AIR and the plaintiffs requested a stay of deadline while they negotiated the final terms of the settlement agreement, according to the filing.

In a statement, AIR denied all liability and said it was disappointed the plaintiffs involved it in the lawsuit.

“AIR’s pricing decisions were, and continue to be, made by AIR teammates using internal information together with publicly available market data,” the statement read. “Despite the baselessness of the claims, AIR is pleased to exit the litigation early in a favorable manner.”

Cushman and Wakefield did not respond to a request for comment.

The lawsuit naming RealPage, Pinnacle and AIR was consolidated into a class action suit from more than 30 individual lawsuits accusing RealPage of using algorithmic tools to help landlords boost rents across markets, in what the plaintiffs say amounted to a “cabal” of landlords and property managers sharing sensitive rent price information with each other through RealPage.

RealPage’s request to dismiss the suit was rejected in December, with chief U.S. District Court Judge Waverly D. Crenshaw, Jr., ruling that the tenant plaintiffs had shown enough cause for RealPage to defend against their claims in court.

“It would clearly not be in any individual defendant’s economic self-interest to contribute its data to RealPage without knowing that it would benefit from its horizontal competitors doing the same,” Crenshaw wrote in his decision to allow the suit to continue.

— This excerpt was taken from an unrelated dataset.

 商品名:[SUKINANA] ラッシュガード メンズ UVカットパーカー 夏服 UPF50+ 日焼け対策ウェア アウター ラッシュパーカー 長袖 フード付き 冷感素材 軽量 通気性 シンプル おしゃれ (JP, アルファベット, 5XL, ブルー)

RealPage did not respond to a request for comment on the settlements.

The lawsuit has attracted federal legislators, a group of whom introduced legislation this month that seeks to effectively outlaw the practice of algorithmically pricing rents.

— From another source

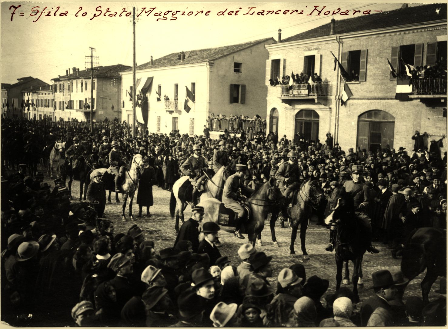 Nota manoscritta: "7= Sfila lo Stato Maggiore dei Lanceri Novara"

The “Preventing the Algorithmic Facilitation of Rental Housing Cartels Act,” introduced by U.S. Senators Ron Wyden (D-Oregon) and Peter Welch (D-Vermont) would make it illegal for property owners to hire any service that coordinates rental pricing services and make illegal the practice of two or more rental property owners coordinating over pricing. The press release announcing the proposed legislation specifically names RealPage and the property management technology Yardi as its targets.